10. (a) The Company has filed with the Securities and Exchange
Commission (the "COMMISSION") a Registration Statement on Form SB-2 (file no.
333-53581) (as declared effective on July _____, 1998, the "REGISTRATION
STATEMENT"), which registered under the Securities Act of 1933 (the "ACT") the
Warrant and the shares of Common Stock underlying the Warrant (the "WARRANT
SHARES"). The Company shall keep effective the Registration Statement or
qualification contemplated by this Section 10 and shall from time to time amend
or supplement the Registration Statement, preliminary prospectus, final
prospectus, application, document and communication for such period of time as
shall be required to permit all Holders to complete the offer and sale of the
Warrant Shares covered thereby. The Company shall in no event be required to
keep any such registration or qualification in effect for a period in excess of
one year from July 15, 2002.
(b) The Company shall use its best efforts to cause the Warrant
Shares so registered to be registered or qualified for sale under the securities
or blue sky laws of such jurisdictions as the Holder or such holders may
reasonably request; PROVIDED, HOWEVER, that the Company shall not for any such
purpose be required to (A) qualify generally to do business as a foreign
corporation in any jurisdiction wherein it is not otherwise required to be so
qualified, (B) subject itself to taxation in any jurisdiction wherein it is not
so subject or (C) consent to general service of process in any such jurisdiction
or otherwise take action that would subject it to the general jurisdiction of
the courts of any jurisdiction to which it is not so subject.

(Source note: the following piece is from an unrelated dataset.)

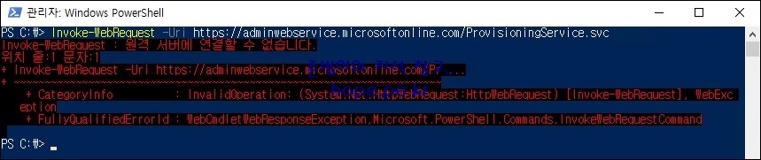 PowerShell에서 다음 명령어를 실행하여, Microsoft Entra Connect 서버가 웹 요청을 허용하는지 확인합니다.
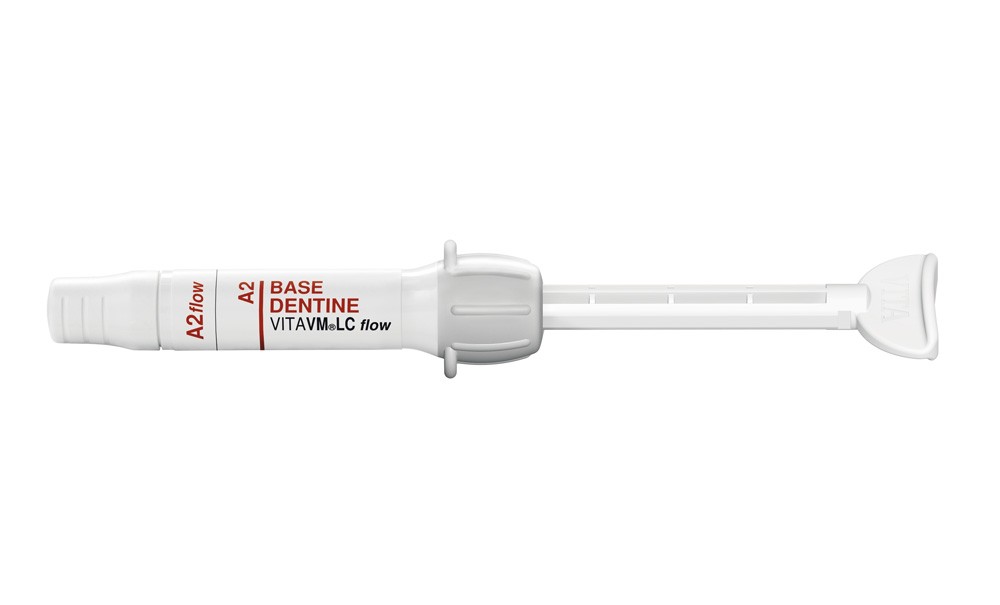 La résine composite photopolymérisable Vita VM LC flow forme un système complet pour des incrustations de composite, de la dentine à la zone incisale. Le spectre complet VM LC Base Dentine est maintenant proposé en version fluide. Selon les préférences du prothésiste, il est ainsi possible de créer un corps de dentine avec une résine composite fluide après les couches opaques et chromatiques.

(c) The Company shall furnish to each Holder such number of copies of
the Registration Statement and of each amendment and supplement thereto (in each
case, including all exhibits), such reasonable number of copies of each
prospectus contained in such Registration Statement and each supplement or
amendment thereto (including each preliminary prospectus), all of which shall
conform to the requirements of the Act and the rules and regulations thereunder,
and such other documents, as any Holder may reasonably request to facilitate the
disposition of the Warrant Shares included in such registration.
(d) The Company shall furnish each Holder of any Warrant Shares so
registered with an opinion of its counsel (reasonably acceptable to the Holders)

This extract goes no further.